Please give back, word for word, only the lines starting at the one containing "Our Golden Beige Embroidered" and ending at the one containing "Full-body massage from" within the material below.

Material to process:
--
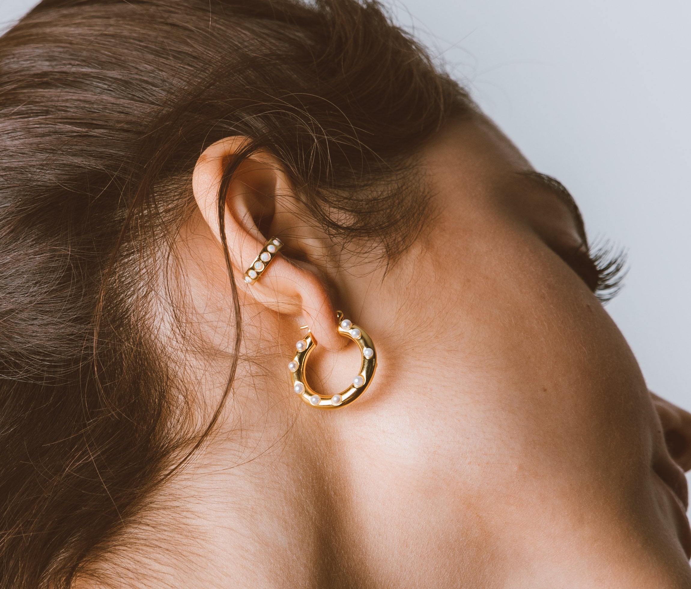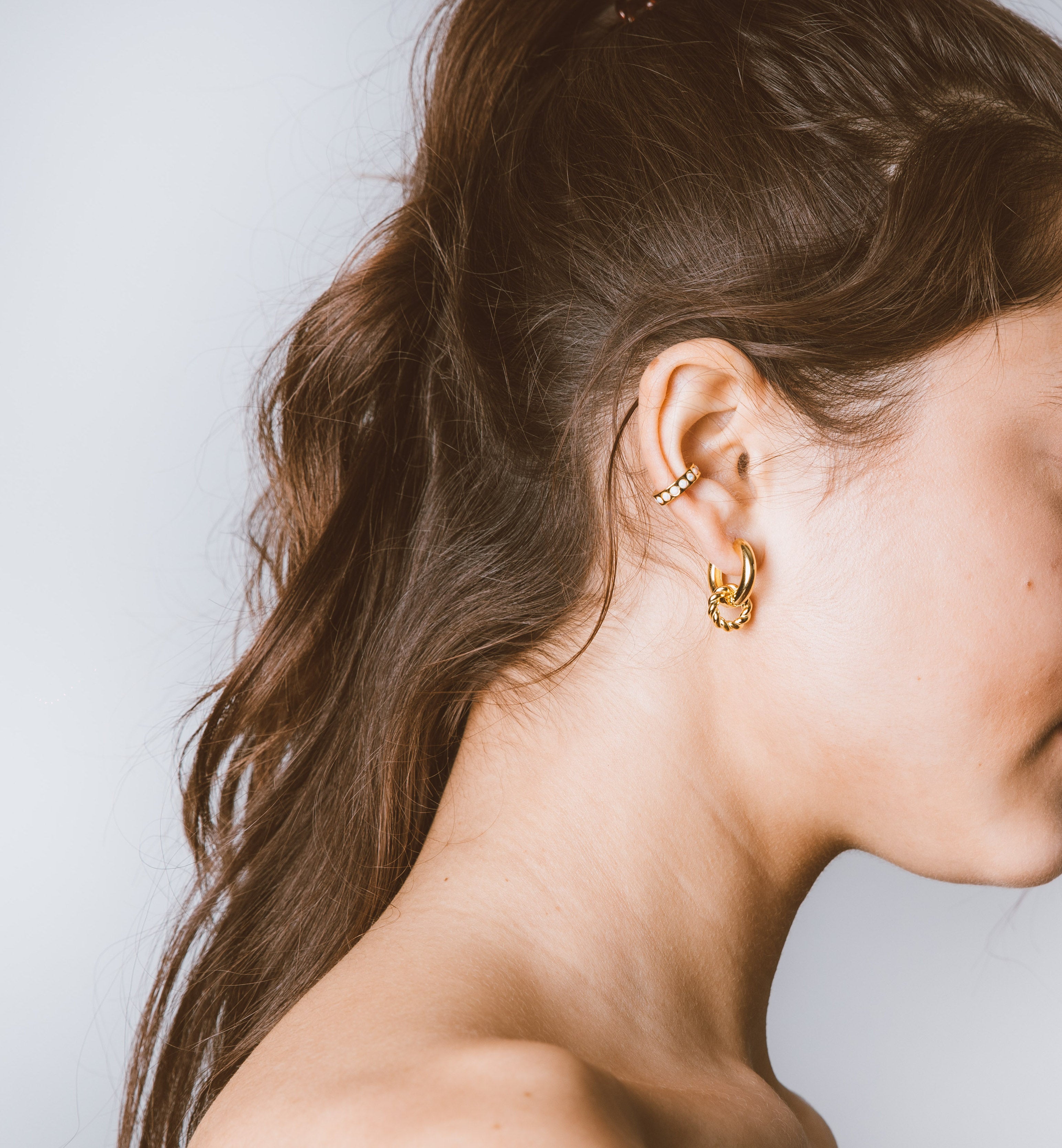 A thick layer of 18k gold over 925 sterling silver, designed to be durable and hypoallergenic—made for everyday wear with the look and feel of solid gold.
--
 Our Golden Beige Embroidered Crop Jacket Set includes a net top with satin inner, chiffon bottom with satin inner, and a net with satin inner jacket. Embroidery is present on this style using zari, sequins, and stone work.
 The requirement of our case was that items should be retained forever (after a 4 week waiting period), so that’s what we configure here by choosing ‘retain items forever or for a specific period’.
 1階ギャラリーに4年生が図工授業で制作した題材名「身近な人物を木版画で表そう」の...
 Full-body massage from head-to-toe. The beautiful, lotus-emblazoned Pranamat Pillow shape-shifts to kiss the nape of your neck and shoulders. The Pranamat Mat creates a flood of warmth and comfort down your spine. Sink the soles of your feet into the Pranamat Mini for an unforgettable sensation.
--
Reply to the task:
 Our Golden Beige Embroidered Crop Jacket Set includes a net top with satin inner, chiffon bottom with satin inner, and a net with satin inner jacket. Embroidery is present on this style using zari, sequins, and stone work.
 The requirement of our case was that items should be retained forever (after a 4 week waiting period), so that’s what we configure here by choosing ‘retain items forever or for a specific period’.
 1階ギャラリーに4年生が図工授業で制作した題材名「身近な人物を木版画で表そう」の...
 Full-body massage from head-to-toe. The beautiful, lotus-emblazoned Pranamat Pillow shape-shifts to kiss the nape of your neck and shoulders. The Pranamat Mat creates a flood of warmth and comfort down your spine. Sink the soles of your feet into the Pranamat Mini for an unforgettable sensation.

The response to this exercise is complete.